А потом это случается с тобой. В этом нет ни величия, ни достоинства. Для твоей печали масса времени; ничего, кроме времени. Бувар и Пекюше записали в своих «Копиях» некий совет на тему: «Как забыть умерших друзей»; Тротул (школа Салерно) говорит: надо съесть сердце чучела совы. Я, возможно, в конце концов воспользуюсь этим советом. Я попытался пить, но к чему это меня привело? Становишься пьян, только и всего. Говорят, надо трудиться, работа спасает от всего. Это не так, от нее я даже не получал спасительной усталости; более того — она привела бы к невротической летаргии. Но всегда остается надежда на время. Подожди, пройдет время. Больше времени, еще больше… У тебя много времени впереди.

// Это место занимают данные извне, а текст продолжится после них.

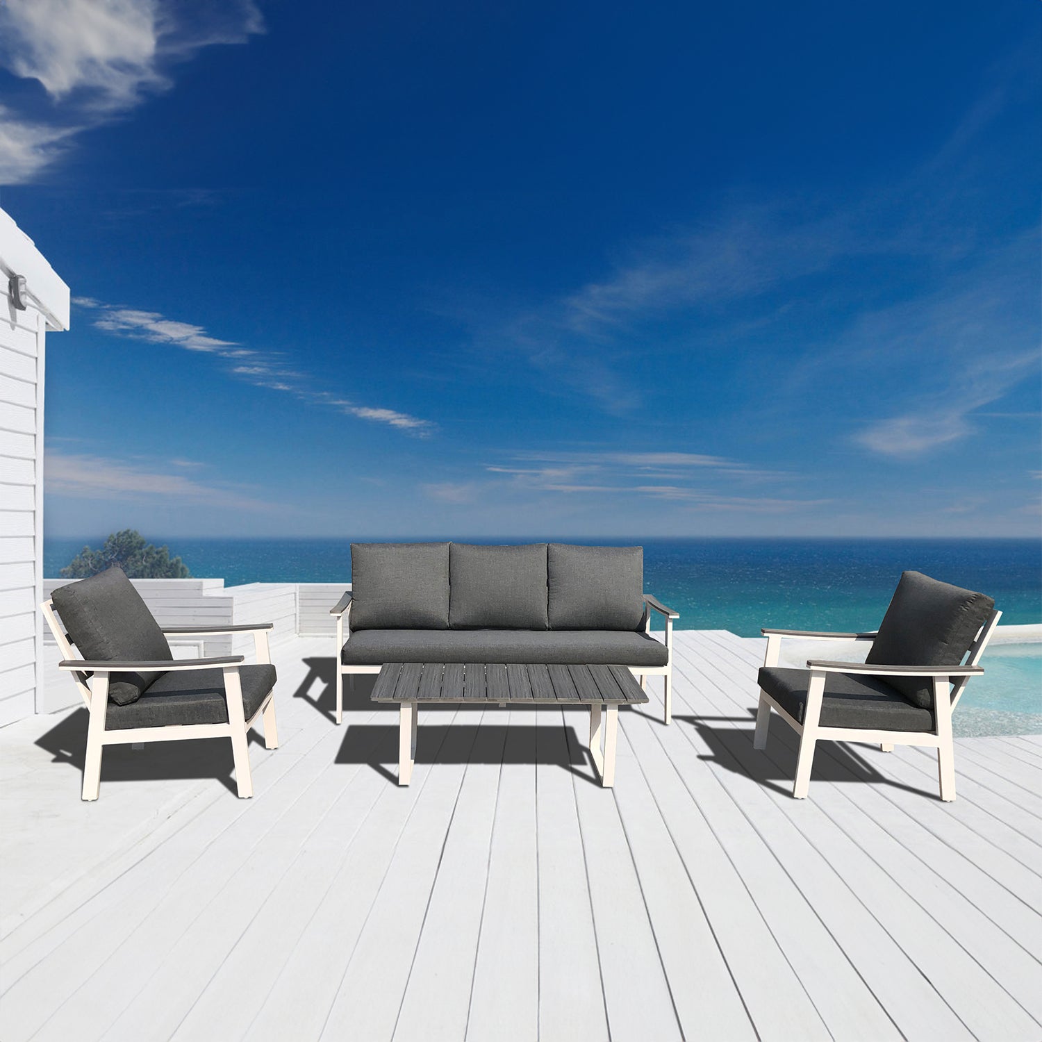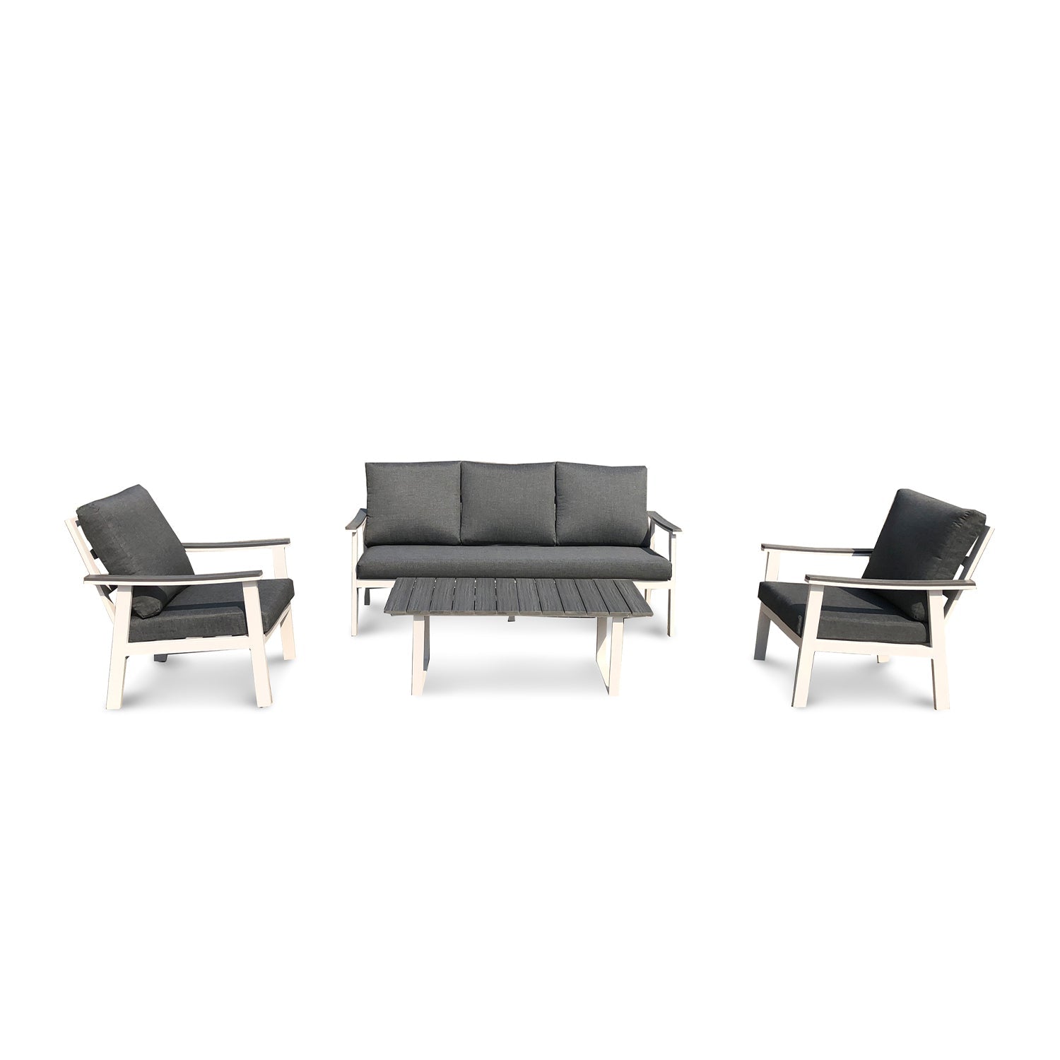 Maak kennis met onze Loungeset Dublin in Wit. Deze loungeset bestaat uit een bijzettafel, drie persoons bank en twee stoelen, voorzien van zachte kussens voor een heerlijke zitervaring. Of je nu wilt relaxen met een goed boek of genieten van een verfrissend drankje, deze tuinbank en tuinstoelen zorgen voor ultiem comfort terwijl je geniet van de frisse buitenlucht met je Loungeset lounge.
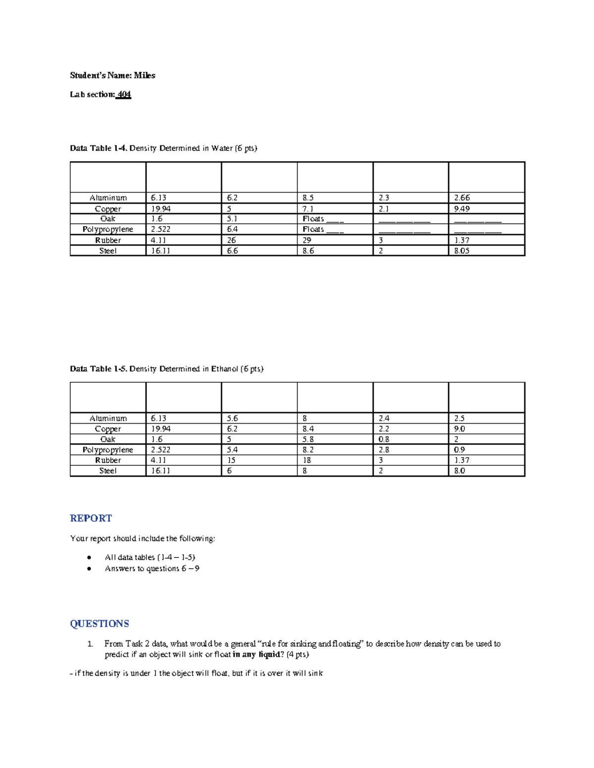 Density Lab Data Sheet for Ilyas A. - September 23, 2022 - Studocu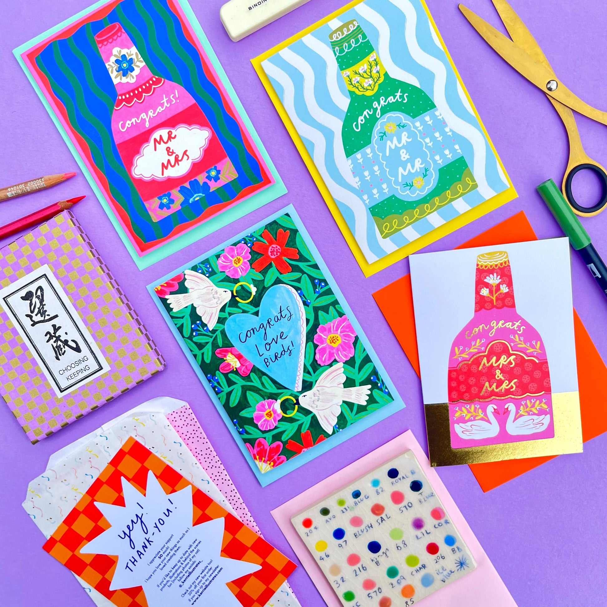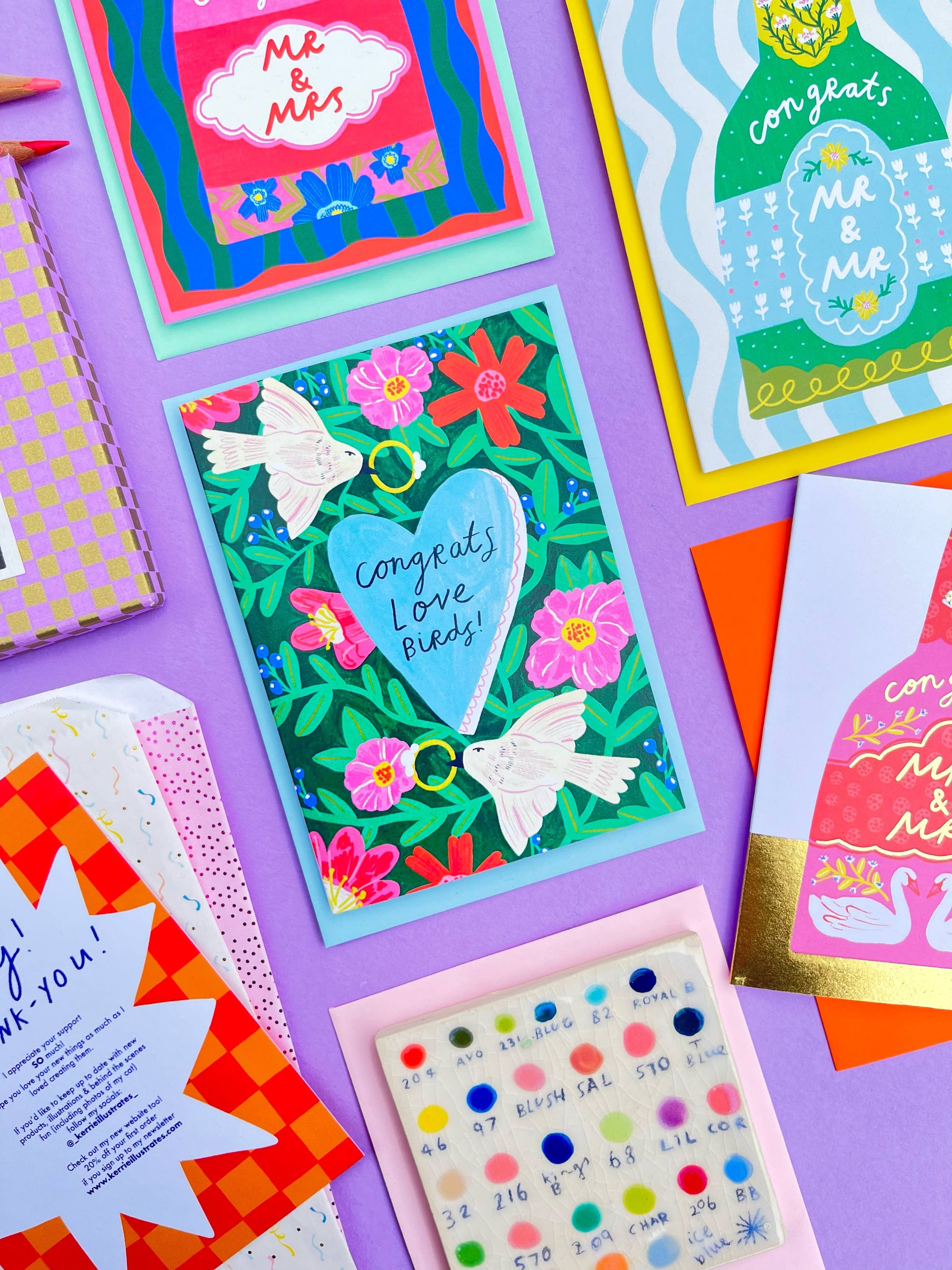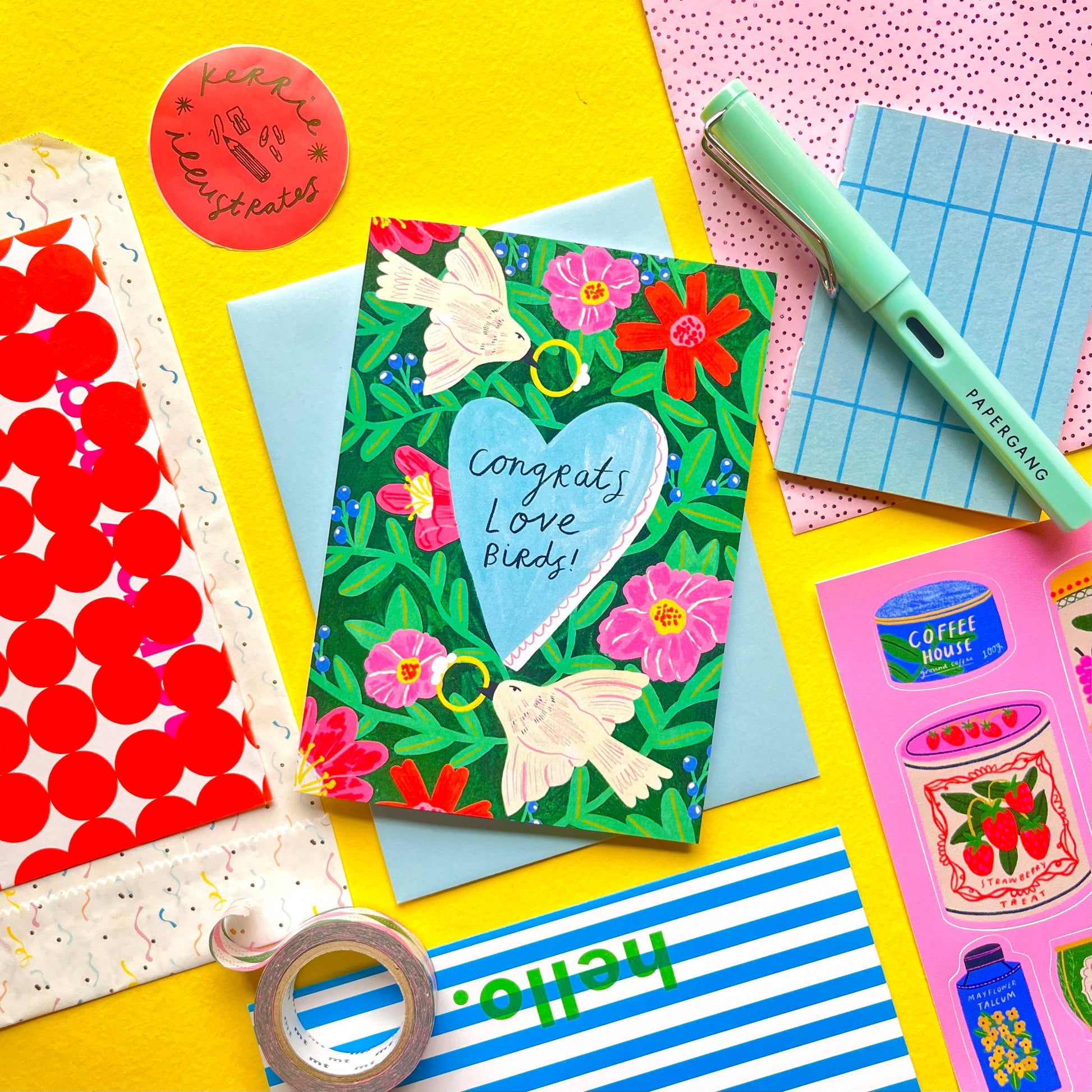 Has your favourite couple finally tied the knot? Send some love their way and share in their excitement! This colourful greetings card features two little love birds, an engagement ring and a beautiful floral pattern, reading 'Congrats, love birds!' inside a blue heart. This card is A6 and is printed on 350gsm uncoated sustainable card stock. It is paired with a bright envelope! As well as this card, we have other beautifully illustrated cards for weddings and engagement. If you’re looking for cards for everyone, bold designs and cards that will stand out.. you’ve came to the right place! All the designs are illustrated with love by Kerrie, an illustrator based in Northern Ireland. Kerrie creates cute illustrations inspired by bright colours, patterns and spreading positive vibes. Details: • congrats love birds card • A6 portrait card • sustainable card • designed & printed in the UK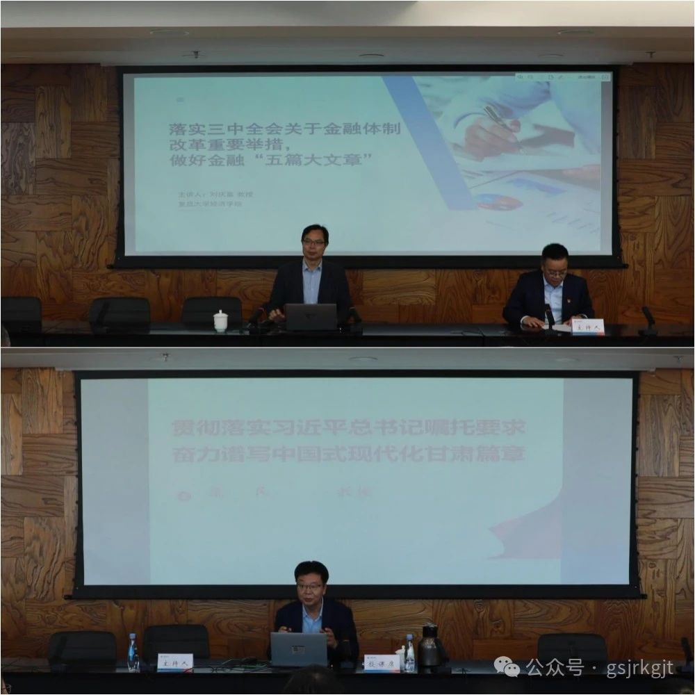此次培訓(xùn)通過線上線下相結(jié)合的方式進(jìn)行。培訓(xùn)期間,全體學(xué)員在線學(xué)習(xí)了黨的二十屆三中全會(huì)精神解讀、構(gòu)建高水平社會(huì)主義市場經(jīng)濟(jì)體制、健全推動(dòng)經(jīng)濟(jì)高質(zhì)量發(fā)展體制機(jī)制、提高黨對(duì)進(jìn)一步全面深化改革、推進(jìn)中國式現(xiàn)代化的領(lǐng)導(dǎo)水平等內(nèi)容,邀請(qǐng)復(fù)旦大學(xué)經(jīng)濟(jì)學(xué)院劉慶富教授從“黨的二十屆三中全會(huì)關(guān)于金融體制改革的重要舉措解讀、做好金融五篇大文章、異常交易的監(jiān)管”三個(gè)大方面,對(duì)中國金融體制改革的歷程、成效與經(jīng)驗(yàn),進(jìn)一步深化金融體制改革的方向與重點(diǎn),“金融五篇大文章”的背景、內(nèi)涵與產(chǎn)業(yè)與落地,金融大數(shù)據(jù)風(fēng)險(xiǎn)管理等內(nèi)容作了全面深入的輔導(dǎo)。邀請(qǐng)甘肅省委黨校康民教授通過“講好黃河‘故事’做足黃河文章,構(gòu)建現(xiàn)代產(chǎn)業(yè)體系、發(fā)展新質(zhì)生產(chǎn)力,貫徹三中全會(huì)精神、進(jìn)一步全面深化改革,加強(qiáng)文化遺產(chǎn)保護(hù)傳承、推動(dòng)文化創(chuàng)新發(fā)展,加強(qiáng)社會(huì)建設(shè)和治理、提升基層治理效能,毫不放松堅(jiān)持黨的領(lǐng)導(dǎo)、加強(qiáng)黨的建設(shè)”六個(gè)方面,對(duì)學(xué)習(xí)貫徹習(xí)近平總書記視察甘肅重要講話重要指示精神,作了脈絡(luò)清晰、深入細(xì)致的專題解讀。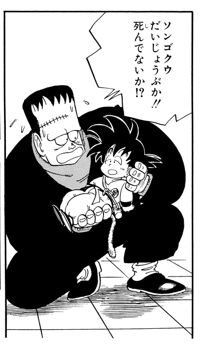 Here, Goku has been shot with a powerful gun by General White and is being gently held by the new friend he made in Muscle Tower, Android 8, also known as Hatchan. In this panel we can get a glimpse of the budding relationship of trust and friendship between the two. After this, Muscle Tower is successfully toppled and Hatchan is taken in by the residents of Jingle Village as one of their own.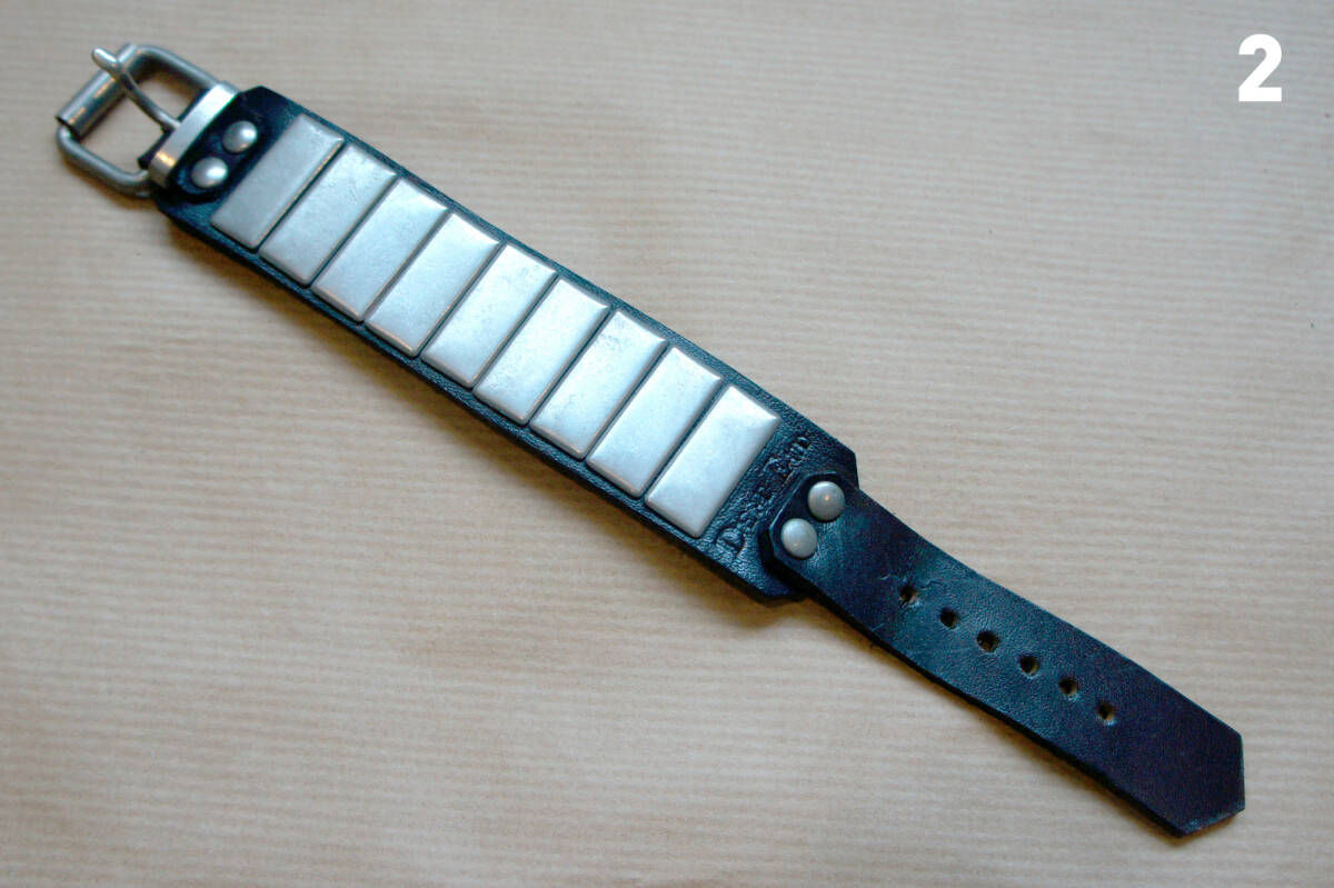 2 メタルプレート・リストバンド パンクやメタル以外の普段使いでも着用できそうなカジュアルなデザインで、こちらも本体は本革製で、革のコンディションは悪くないです(使用感はあります)。プレートや金属パーツに錆やくすみがあります。プレートは元々つや消しっぽい質感ですが磨けば少し光沢がでると思います。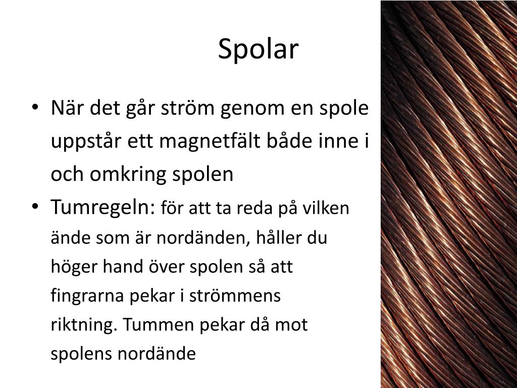 Spolar • När det går ström genom en spole uppstår ett magnetfält både inne i och omkring spolen • Tumregeln: för att ta reda på vilken ände som är nordänden, håller du höger hand över spolen så att fingrarna pekar i strömmens riktning. Tummen pekar då mot spolens nordände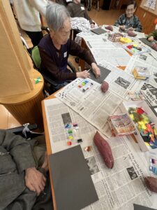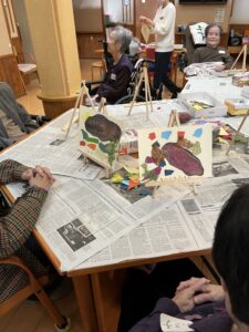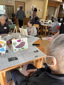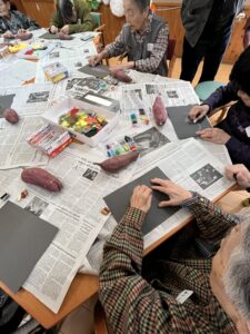 すごく楽しい2時間。お芋を目の前に思いどうりに色を重ねる。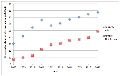 Os resultados de 2017 novamente mostram como o projeto vem sendo bem sucedido no aumento dos índices de alfabetização do estado. Segundo dados divulgados pela Secretaria da Educação do Ceará (SEDUC), enquanto em 2008 somente 30,82% das crianças até o 2o ano estavam alfabetizadas a um nível desejável ao mesmo tempo que 20% não eram alfabetizadas, em menos de 10 anos o cenário mudou completamente. Hoje, o percentual de crianças plenamente alfabetizadas até o fim do 2o ano é de 77,4% contra somente 3,7% de crianças não alfabetizadas, essencialmente transformando o Ceará em uma liderança no país quando se trata de alfabetização.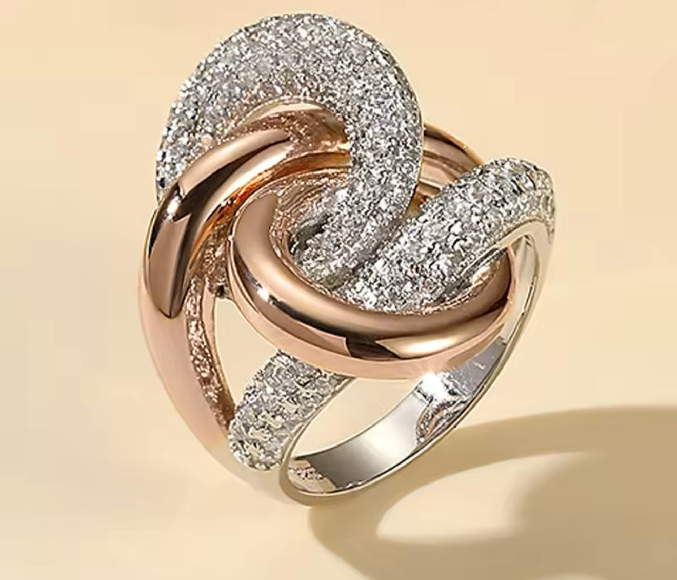 Este hermoso anillo de doble tono entrelazado está diseñado con elegancia y estilo en mente. Hecho de plata 925 con un baño de oro rosado y zircones micropavé, este anillo es perfecto para agregar un toque de sofisticación a cualquier atuendo. Con su diseño único y de alta calidad, este anillo es la elección ideal para cualquier persona que aprecie la belleza y la calidad.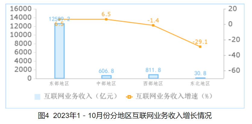中部地区互联网业务收入增速转正。1-10月份,东部地区完成互联网业务收入12589亿元,同比增长6.5%,占全国互联网业务收入的比重为89.7%。中部地区完成互联网业务收入606.8亿元,同比增长6.5%。西部地区完成互联网业务收入811.8亿元,同比下降1.4%。东北地区完成互联网业务收入30.8亿元,同比下降29.1%。

Многие думают, что мне хочется поговорить. «Хотите поговорить об Эллен?» — спрашивают они, намекая на то, что их не смутит, если у меня не выдержат нервы. Иногда говорю с ними, иногда нет, но это ничего не меняет. Все равно произносишь не те слова; вернее, тех, нужных слов не существует. «…Человеческая речь подобна надтреснутому котлу, и мы выстукиваем на нем медвежьи пляски, когда нам хотелось бы растрогать своей музыкой звезды». Говоришь и сам сознаешь, сколь нелеп и убог язык осиротевшего человека. Ты словно говоришь о чужом горе. Я любил ее; мы были счастливы; мне не хватает ее. Она не любила меня; мы были несчастливы; мне не хватает ее. Выбор молитв невелик: достаточно бормотать слова.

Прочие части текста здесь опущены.